>>>

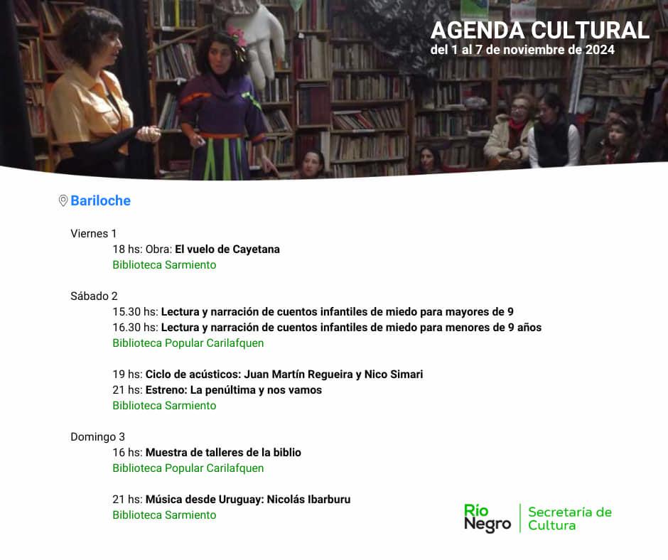 Sábado 2 15.30 hs: Lectura y narración de cuentos infantiles de miedo para mayores de 9 Biblioteca Popular Carilafquen 16.30 hs: Lectura y narración de cuentos infantiles de miedo para menores de 9 años 19 hs: Ciclo de acústicos: Juan Martín Regueira y Nico Simari 21 hs: Estreno: La penúltima y nos vamos Biblioteca Sarmiento
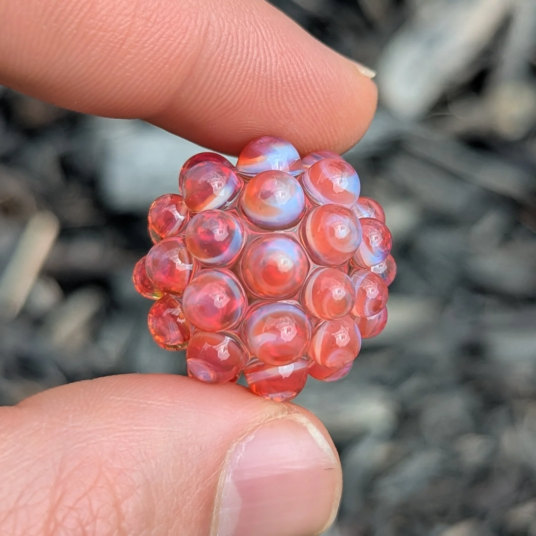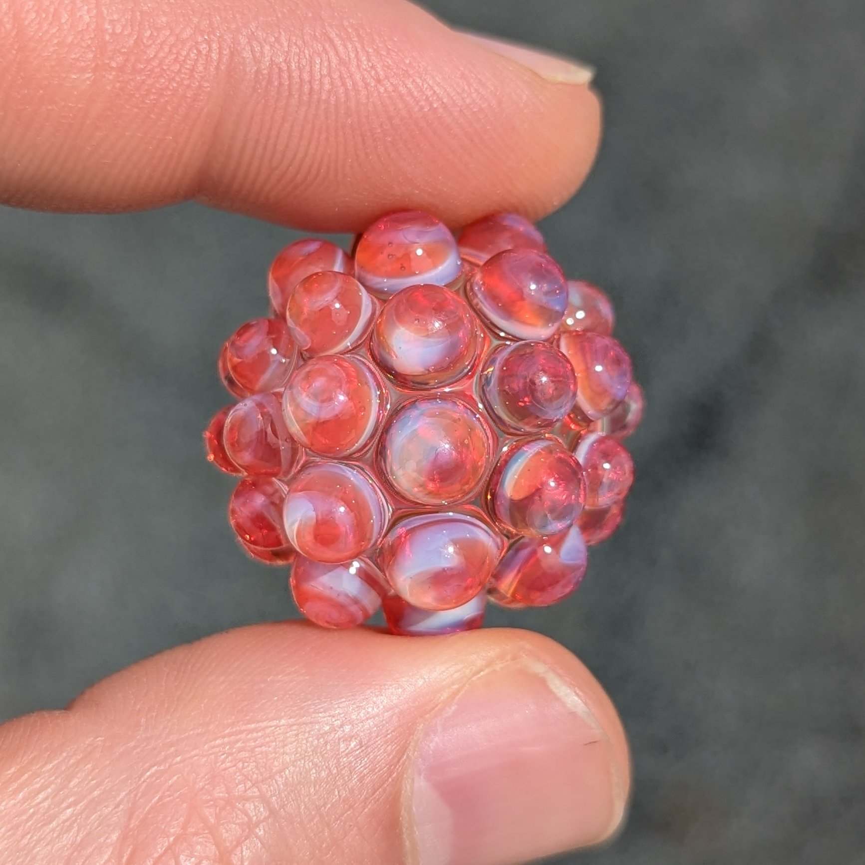 Clear core with 44 red and white swirl hobnails. This one looks like the filling in a cherry desert. Please don't eat tho.
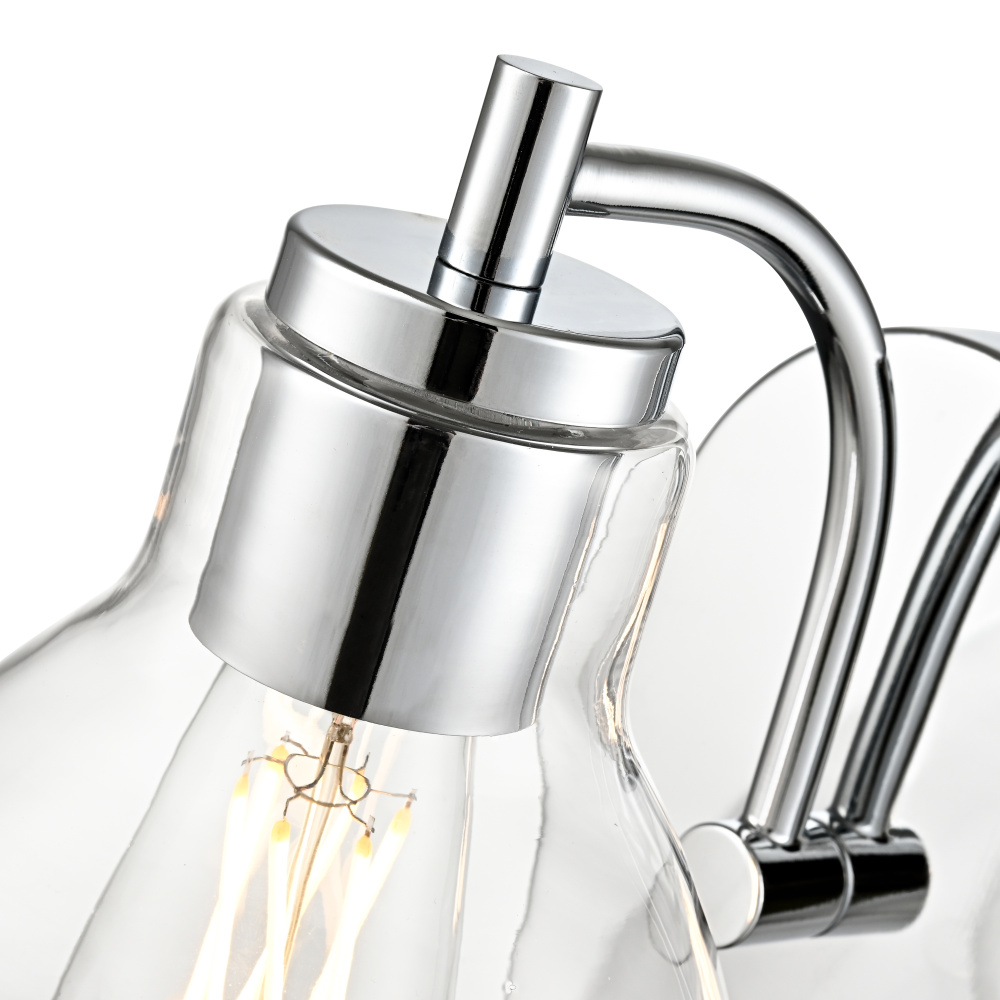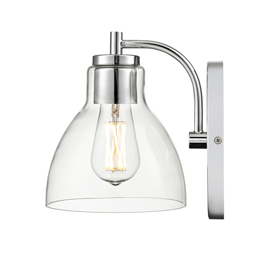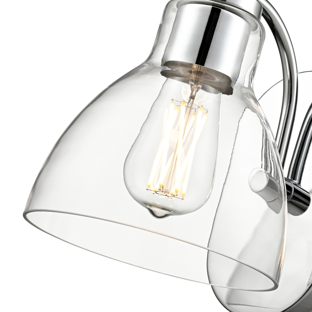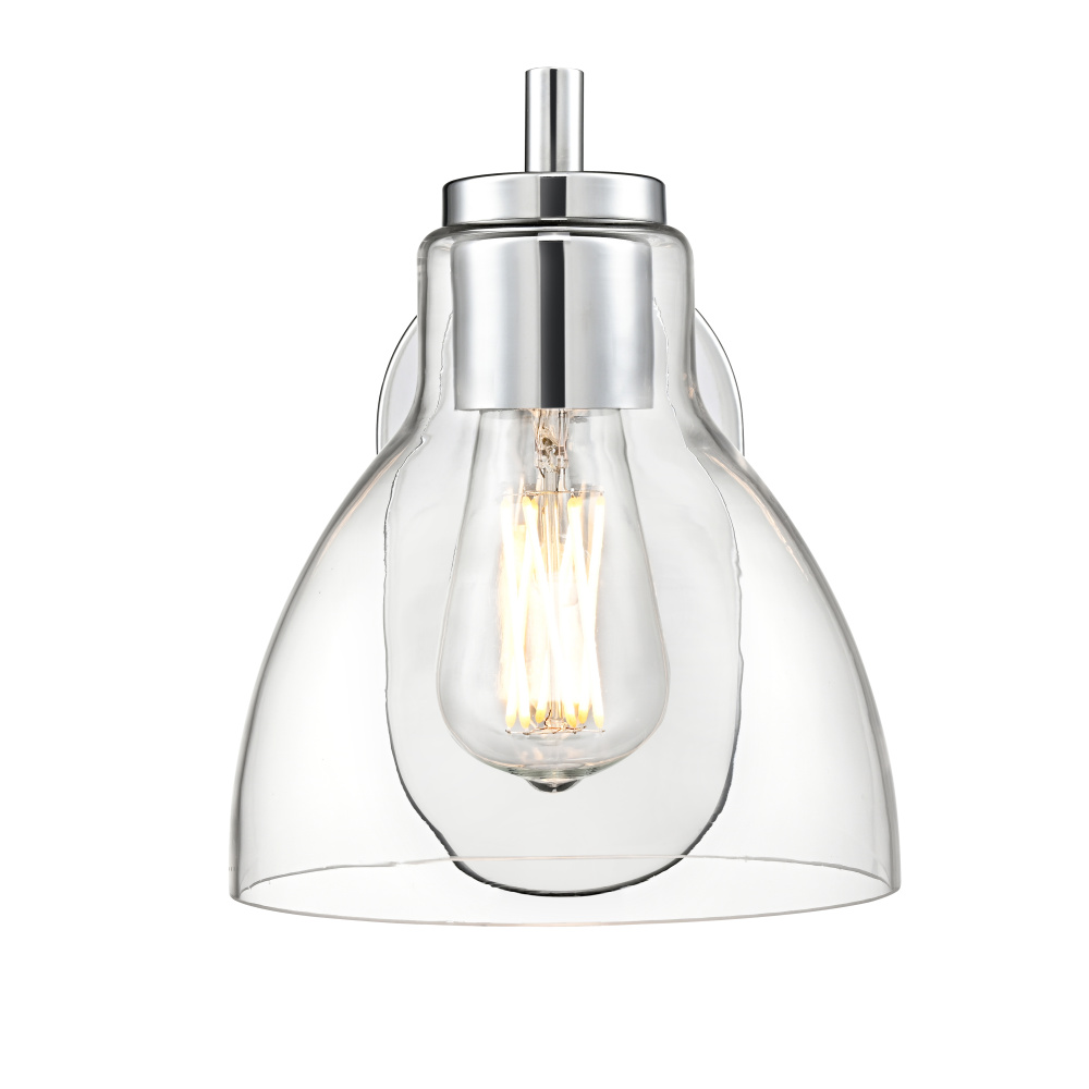 Refined simplicity is the hallmark of the Knightsdale Family of vanity lighting. Graceful bell-shaped clear glass shades set an elegant tone and provide a crisp clear lighting effect perfect for any bath. The minimalistic hardware strikes the perfect balance with the shades and is finished in matte black, chrome, or modern gold. Available as 1, 2 and 3-light options, these fixtures create a sleek and understated profile.
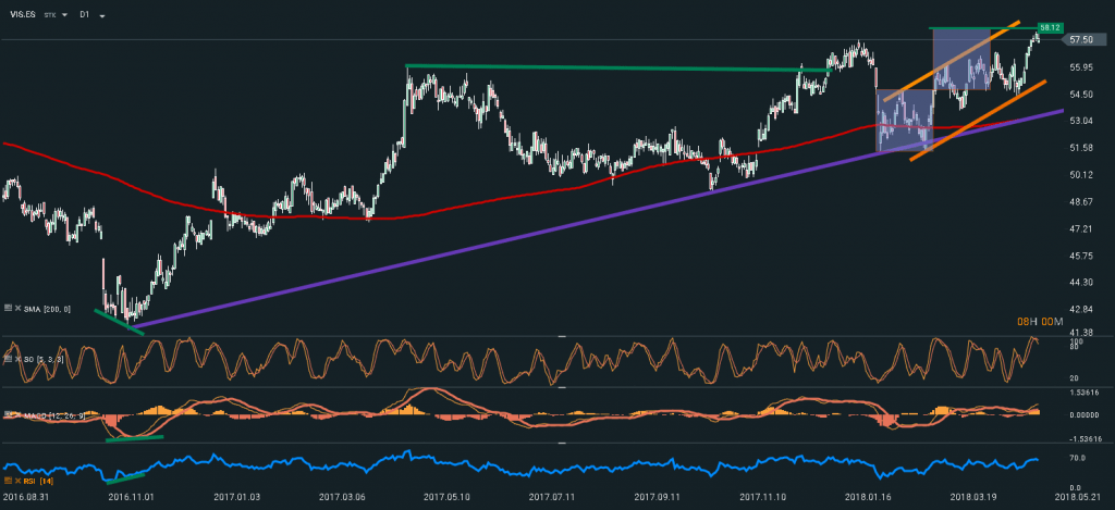 El pasado 9 de marzo del 2018 la acción rompió el nivel de los 54,70 activando figura de cambio de tendencia tipo doble suelo señalada en color azul con posible objetivo alcista hacia la zona de los 58,10, veremos si la termina cumpliendo.
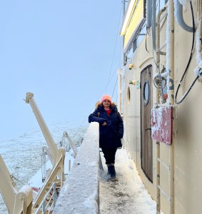 Up on the open roof deck, the wind was relentless. My eyelashes froze. The chill cut through my cap and gloves. Below us, the sea cracked open under the ship’s force — great sheets of ice splintering apart like glass. It wasn’t just sound — it was sensation. A deep vibration that ripples through your body and makes you feel humbled by the scale of it.
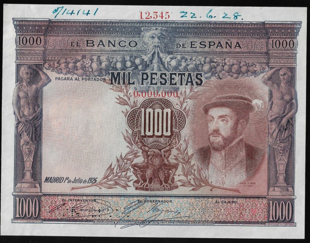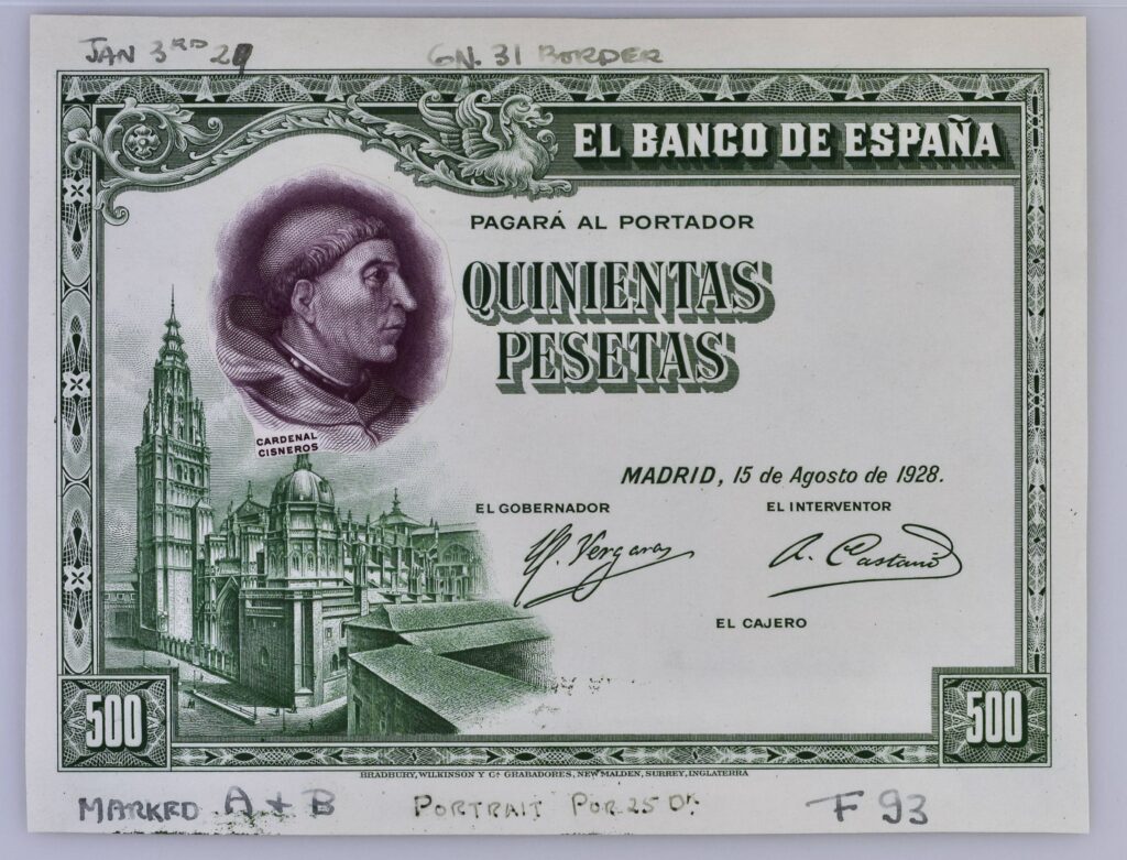Billete con anotaciones de control de tirada.

<<<

*Aim of the exercise*: Produce an exact copy of each line of data, skipping embedded images.

*Task output*:
 Sábado 2 15.30 hs: Lectura y narración de cuentos infantiles de miedo para mayores de 9 Biblioteca Popular Carilafquen 16.30 hs: Lectura y narración de cuentos infantiles de miedo para menores de 9 años 19 hs: Ciclo de acústicos: Juan Martín Regueira y Nico Simari 21 hs: Estreno: La penúltima y nos vamos Biblioteca Sarmiento
 Clear core with 44 red and white swirl hobnails. This one looks like the filling in a cherry desert. Please don't eat tho.
 Refined simplicity is the hallmark of the Knightsdale Family of vanity lighting. Graceful bell-shaped clear glass shades set an elegant tone and provide a crisp clear lighting effect perfect for any bath. The minimalistic hardware strikes the perfect balance with the shades and is finished in matte black, chrome, or modern gold. Available as 1, 2 and 3-light options, these fixtures create a sleek and understated profile.
 El pasado 9 de marzo del 2018 la acción rompió el nivel de los 54,70 activando figura de cambio de tendencia tipo doble suelo señalada en color azul con posible objetivo alcista hacia la zona de los 58,10, veremos si la termina cumpliendo.
 Up on the open roof deck, the wind was relentless. My eyelashes froze. The chill cut through my cap and gloves. Below us, the sea cracked open under the ship’s force — great sheets of ice splintering apart like glass. It wasn’t just sound — it was sensation. A deep vibration that ripples through your body and makes you feel humbled by the scale of it.
Billete con anotaciones de control de tirada.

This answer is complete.